C.D.C. Introduces Updated Hospital Standards to Combat Sepsis

In 2012, Rory Staunton, a 12-year-old boy, obtained a scrape during a middle-school basketball game. His gym teacher promptly applied two Band-Aids to the cuts on his arm. However, within a day, Rory’s condition rapidly deteriorated. He experienced a high fever, vomiting, and leg pain. The emergency room staff at NYU Langone Health initially suspected dehydration and administered fluids and anti-nausea medicine. Unfortunately, by Friday, Rory was critically ill, and by Sunday, he tragically passed away due to severe septic shock.

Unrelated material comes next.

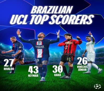 体育资讯12月12日报道宣称 在昨天结束的欧冠比赛中,皇马3-2击败亚特兰大,刚刚伤愈复出的维尼修斯传射建功。凭借这粒进球,他升至巴西球员欧冠射手榜第4位,内马尔仍然稳居榜首。

Looking towards the present, Rory’s mother, Orlaith Staunton, is hopeful that change is on the horizon. She believes that fewer tragedies like Rory’s will occur in the future. The Centers for Disease Control and Prevention (CDC) has recently released new guidelines aimed at assisting hospitals in quickly detecting and treating cases of sepsis.

The 35-page document, referred to as a road map, outlines the “core elements” necessary for a hospital sepsis program. Its purpose is to help administrators bring together experts from various medical disciplines to ensure swift detection and treatment of sepsis. Dr. Raymund Dantes, a CDC medical adviser involved in designing the guidelines, explains that they complement clinical guidelines by providing a detailed framework for equipping healthcare workers on the front lines.

Dr. Chris DeRienzo, the chief physician at the American Hospital Association, likened the recommended interdepartmental sepsis group to a well-coordinated NASCAR pit crew. These teams should act rapidly at the first signs of sepsis and resemble other code teams within hospitals.

Sepsis, an extreme immune response to an infection, can lead to tissue damage, organ failure, and death. Alarmingly, approximately one in three individuals who die in a hospital had sepsis during their stay. In the United States, around 1.7 million adults develop sepsis annually, resulting in approximately 350,000 deaths or transfers to hospice care.

Despite its prevalence, sepsis is often misdiagnosed by hospitals due to its symptoms resembling common ailments. As Dr. Hallie Prescott, a sepsis expert at the University of Michigan, explains, symptoms such as fevers, shivering, clamminess, and shortness of breath mask the illness. Additionally, detecting and managing sepsis requires coordination across departments and disciplines, which is often lacking in many healthcare settings.

A recent survey conducted by the CDC revealed that approximately 73% of hospitals have sepsis teams, but only 55% have designated leaders to manage these programs. Moreover, only half of hospitals integrate their sepsis programs with antibiotic stewardship initiatives, despite the crucial role antibiotics play in recovery.

The CDC’s guidance delves into best practices for implementing sepsis programs in various hospital settings, including large systems and small rural facilities. It covers personnel allocation, financial resource management, process improvement for case identification, and staff training to recognize symptoms. For optimal results, the agency recommends including experts from departments such as antimicrobial stewardship, the emergency room, infectious disease, and pharmacy. It is crucial for a doctor and nurse to jointly lead these programs.

Every hospital should establish a well-rehearsed “code sepsis” protocol and employ a live dashboard to track metrics related to case management and outcomes. Dr. DeRienzo advises hospital administrators to view the CDC’s road map as scaffolding upon which to build a tailored program that suits their local context.

To aid implementation, the CDC offers a detailed assessment tool that can be applied to specific settings. Additionally, the agency provides a list of initial steps for the 1,400 hospitals in the United States that need to develop sepsis programs from scratch.

While Rory’s mother acknowledges that the federal guidance falls short of the state regulations they championed after Rory’s death, she remains hopeful. In 2013, New York became the first state to require all hospitals to adopt sepsis protocols, known as “Rory’s regulations.” She believes that the new CDC guidelines, for which she advocated for years, won’t be overlooked by hospital administrators.

Ms. Staunton reflects, “It’s too late for Rory,” but emphasizes that there is hope for the millions of individuals predicted to die of sepsis in the next decade. She mourns the experiences her son never had, such as graduating high school, attending college, or having a girlfriend. If the CDC guidelines had been in place eleven years ago when Rory was in a major New York City hospital, perhaps his fate would have been different.